The club is owned and operated by JSW Sports and its CEO is Sajjan Jindal. After seven years of successful establishment and operations of the men's team, Bengaluru FC, the club commenced its women's team operations in 2021.

== History ==
=== Background ===
In early 2013, JSW Group, which had previously considered forming a football club in Bengaluru, India, was interested in bidding for a spot in the I-League and on 15 May, The All India Football Federation (AIFF) received a bid from the group. Two months later, on 28 May 2013, it was officially announced JSW Group had won the rights to form a direct-entry men's team for the 2013–14 I-League season in Bengaluru, Bengaluru FC. On 20 July, JSW Group officially established the club as "Bengaluru Football Club" at the Bangalore Football Stadium, which had been announced as the men's home stadium for the upcoming season.

=== Inception ===
Since its establishment of men's team, club has shown some support for, for example by wearing pink jerseys, worn by the men's team on International Women's Day in support of women. In May 2019, the club had also organised women's 5-a-side tournament as part of the AFC Grassroots Festival involving eight teams across the city. Later on 21 November 2019, the club facilitated a week-long trial for Indian women's national team's striker Bala Devi Ngangom, with Rangers W.F.C. Karnataka Women's League was also established in 2019, thus supporting the discussions for the formation of a women's side of the club.

Seven years later, on 17 September 2021, the club officially announced the formation of its women's team. Beginning with under-11, under-13 and under-15 girls' squads, the club decided to gradually build the foundation for a senior team that would take shape in due course, as per the then club's CEO, Mandar Tamhane.

=== 2021–2023: Karnataka Women's A Division ===
On 15 February 2022, Bengaluru FC Women with their under-15 squad, kicked-off their debut campaign at the KSFA Women's A Division league, the second tier of women's football in Karnataka. The debut match ended in a 2–0 defeat for the Blues against Modern Girls. Two days later on 17 February in the club's second league game, the Blues registered a historic first victory with a thumping 10–0 win over against GRK Girls FC. Shloka Krishna became the first goalscorer for the team.

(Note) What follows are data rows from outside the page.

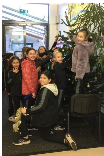
Decorating the tree was a team effort this year!
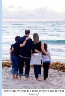
Some family time is a great thing to add to your Sunday!

Well, there are many ways of observing the Lord's Day in a fitting manner. We know what we shouldn't do; let's look at what we should .
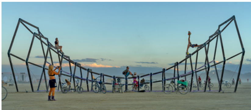
Figure 11 Re:Emergence (2022), Burning Man (Black Rock City, Nevada).
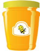
Jar Of Honey £1.40
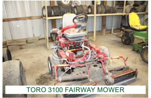
TORO 3100 FAIRWAY MOWER
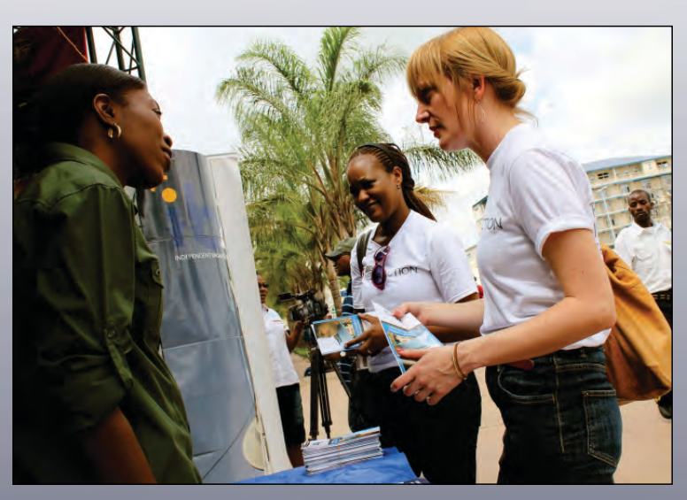
Visitors interacting at the IBA stand during the WRD Commemorations at Arcades Shopping Mall in Lusaka
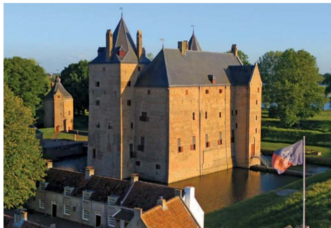
Tauck's exclusive dinner at 14th-century Slot Loevestein in the Netherlands puts an entire island kingdom at your feet.
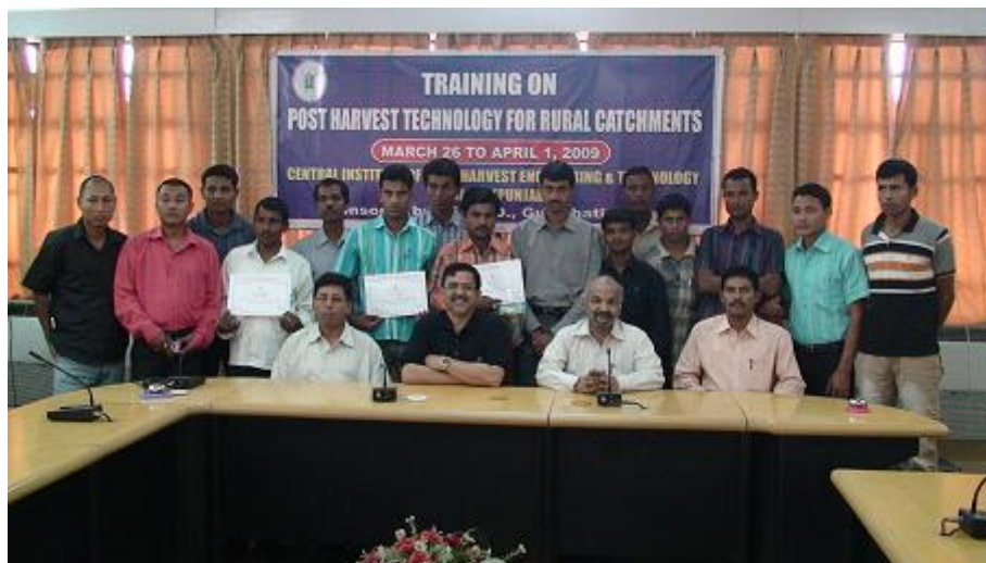
Trainees of Post Harvest Technology for Rural Catchments

chillies, fruits and vegetables, preparation of project profiles, technologies commercialized under AICRP on PHT were covered along-with practicals in institute laboratories. The visits to various laboratories, pilot plants and industry were also included in the training for benefit of the farmers.
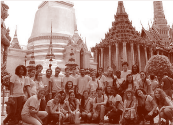
The Thailand Experiment in International Living group standing behind buildings in the Grand Palace of the King of Thailand.
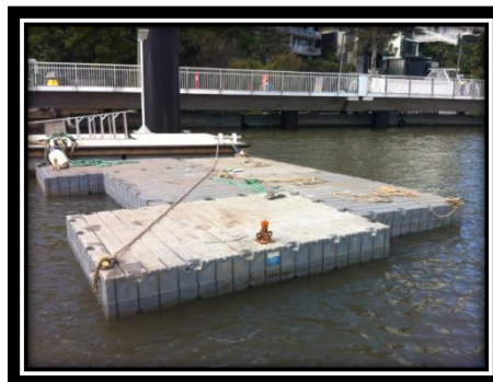
On hire for a major construction project in Brisbane.
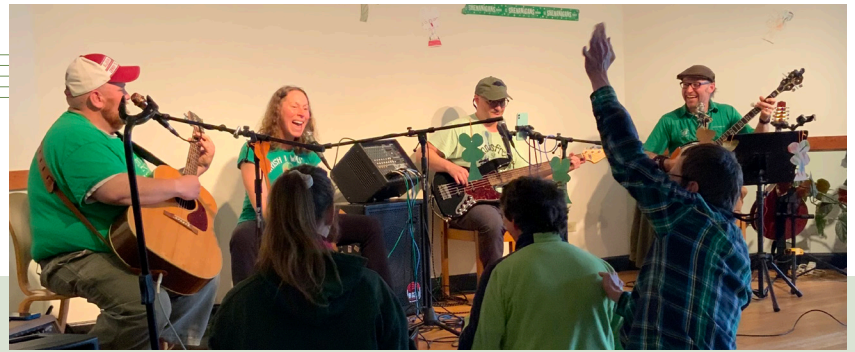
Grainneog sings to some of their most dedicated fans.
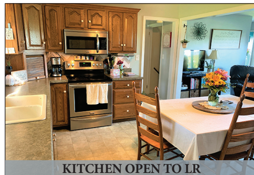
KITCHEN OPEN TO LR

Located at 190 Icehouse Hill Rd. Ephrata Pa. 17522
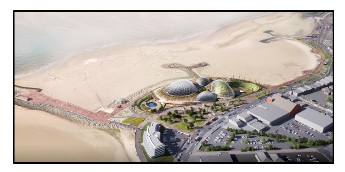
Figure 2 - Proposed Eden Project Morecambe Site

They eventually ended their season with 11 points on the table and finished in fourth place. Tanvi Nair was adjuded as U15 Girls' Academy player of the year on 30 May 2022, for her performance in the season. In the following season, the Blues registered five consecutive wins in the league and on 11 June 2023, a 7–0 victory over Young Stars FC led to the club's maiden title. It also sealed the promotion to Karnataka Women's League, the top-tier league of Karnataka and the third tier in India.

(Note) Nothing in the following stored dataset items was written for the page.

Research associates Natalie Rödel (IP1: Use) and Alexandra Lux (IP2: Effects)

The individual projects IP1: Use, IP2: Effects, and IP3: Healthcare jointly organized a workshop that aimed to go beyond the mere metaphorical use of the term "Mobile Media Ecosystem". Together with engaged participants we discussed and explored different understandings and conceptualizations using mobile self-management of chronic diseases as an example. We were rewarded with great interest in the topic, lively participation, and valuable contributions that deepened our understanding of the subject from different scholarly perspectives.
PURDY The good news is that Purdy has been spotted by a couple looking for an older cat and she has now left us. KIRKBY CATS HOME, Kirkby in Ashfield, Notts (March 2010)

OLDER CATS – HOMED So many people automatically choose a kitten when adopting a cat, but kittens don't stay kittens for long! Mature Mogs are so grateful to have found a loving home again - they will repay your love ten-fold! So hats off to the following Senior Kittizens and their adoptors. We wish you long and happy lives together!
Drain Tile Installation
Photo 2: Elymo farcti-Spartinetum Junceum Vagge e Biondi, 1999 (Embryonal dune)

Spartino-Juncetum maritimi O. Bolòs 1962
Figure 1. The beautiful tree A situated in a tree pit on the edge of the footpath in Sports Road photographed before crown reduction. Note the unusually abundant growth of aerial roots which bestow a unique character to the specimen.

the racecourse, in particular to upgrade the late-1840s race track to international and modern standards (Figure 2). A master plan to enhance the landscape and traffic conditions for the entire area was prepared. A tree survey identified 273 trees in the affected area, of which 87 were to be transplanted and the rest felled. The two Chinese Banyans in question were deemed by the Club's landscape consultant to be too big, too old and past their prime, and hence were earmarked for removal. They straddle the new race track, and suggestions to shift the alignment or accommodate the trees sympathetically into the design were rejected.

=== 2023–present: Karnataka Women's League ===
Upon promotion to Karnataka Women's League (KWL) in the 2023–24 season, the Blues registered their first win in the league against Rebels Women's FC on 18 September 2023. With Chinmayi Tili becoming the first goalscorer for the club in a 2–0 win at the state's top division. With 21 local players in a squad with an average age of 15 years, the Blues eventually finished eighth. Later in March 2024, Rheanna Jacob became the first player from the club to score for the Indian U-20 national team in any age category, against Nepal at the 2024 SAFF U-20 Championship.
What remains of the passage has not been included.